И шепотом из уст в уста передавалось завещание императора Кваутемока, его напутствие, которое дал он своим подданным перед смертью:
«Закатилось сегодня наше солнце, и мы остались во мраке кромешном. Знаем мы, что рано или поздно вернется солнце и вновь осветит наш мир. Сегодня же, пока оно скрыто от нас и проходит по предначертанному ему пути через невидимое небо Миктлан, мы должны пережить эту долгую ночь. Пережить же ее мы сможем, только держась вместе и не забывая о том, что это солнце — уже пятое в истории нашего народа.
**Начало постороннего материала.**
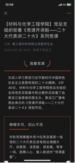 为深入学习贯彻习近平新时代中国特色社会主义思想和党的二十大精神,3月25日——3月31日,我校组织广大师生党员收听收看《榜样7》《党课开讲啦——二十大代表讲二十大》活动。通过组织收看,在全校掀起了学党课、学榜样的热潮,党的二十大“好声音”传递到每名党员干部的脑海中,有力推动“党课开讲啦”活动“声”入人心,让党的二十大精神在高校落地生根,开花结果。

До тех пор, пока не взойдет шестое, нам надлежит хранить в наших сердцах все то, чем мы дорожим, все то, что любим: мы должны сохранить наш язык, должны воспитывать детей так, как воспитывали их всегда. Мы не имеем права забыть ни наше государство, ни то, как жили мы век за веком, помогая друг другу, заботясь обо всех, кто нам близок.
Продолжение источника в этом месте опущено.